In the past year we have seen more than a fair amount of discussion in e-discovery conferences and the surrounding blogosphere about the subject of predictive coding, also known as technology-assisted or computer-assisted review. In the wake of the landmark decision in Da Silva Moore v. Publicis Groupe, 287 F.R.D. 182 (S.D.N.Y.), and subsequent precedent, predictive coding is being considered by a growing portion of the legal community as a reasonable, more efficient alternative in appropriate cases to linear, manual review, or sole reliance on keyword searches. However, lawyers have an opportunity to do more than simply take advantage of the Da Silva Moore case for being smart in e-discovery; arguably, the decision also paves the way for a broader discussion with our clients on how lawyers can provide value based on the use of analytics across a wide variety of legal settings in the emerging world of big data.
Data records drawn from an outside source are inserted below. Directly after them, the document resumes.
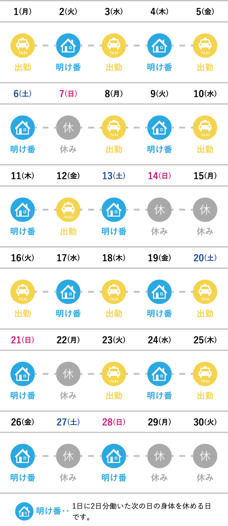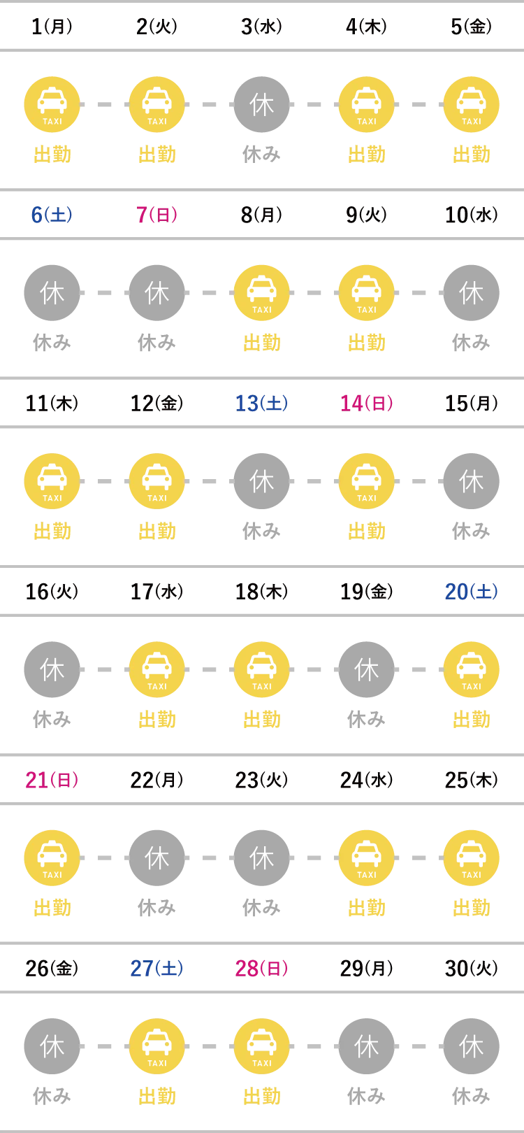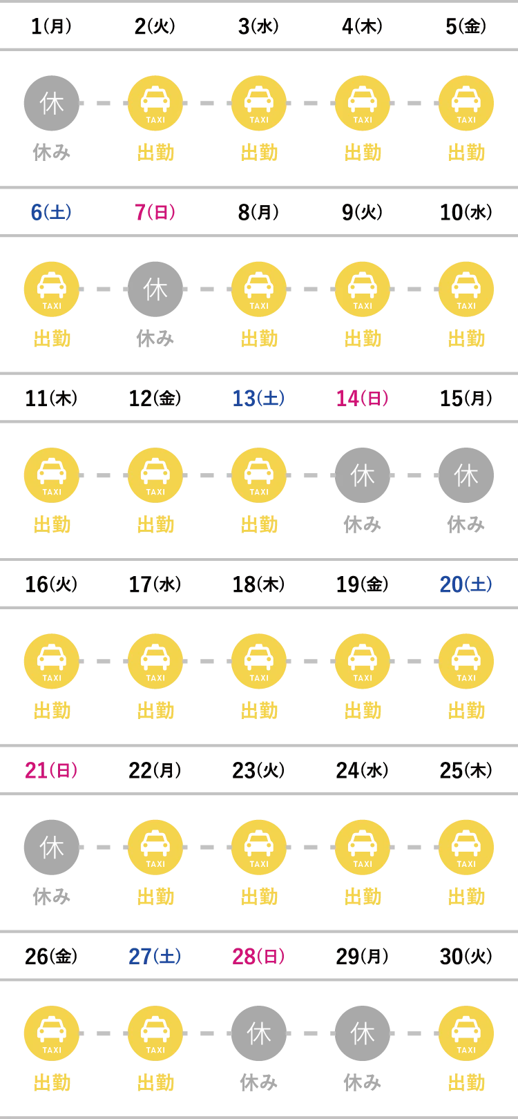 休みは月に6日あります。月間で50万円以上稼ぐドライバーさんもおられるため、稼ぎたい人は頑張れば頑張るほど稼げる働き方です。休みたい曜日は自身で決めて頂きます。 決めて頂いた休みの翌日が2週間に1日休みになります。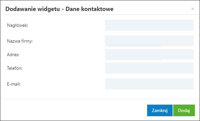 W oknie dodawania zdefiniować parametry widgetu m.in. Nagłówek, Nazwa firmy, Adres, Telefon i adres e-mail.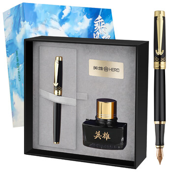 英雄(HERO)钢笔 礼盒10K金笔【乘风破浪系列】国潮钢笔高端日常书写墨水套装黑色

First, a word about predictive coding. A good definition for our purposes here is that “predictive coding is the process of using a smaller set of manually reviewed and coded documents as examples to build a computer-generated mathematical model that is then used to predict the coding on a larger set of documents. It is a specialized application of a class of techniques referred to as supervised machine learning in computer science,” as Rajiv Maheshwari wrote in “Predictive Coding Guru’s Guide.”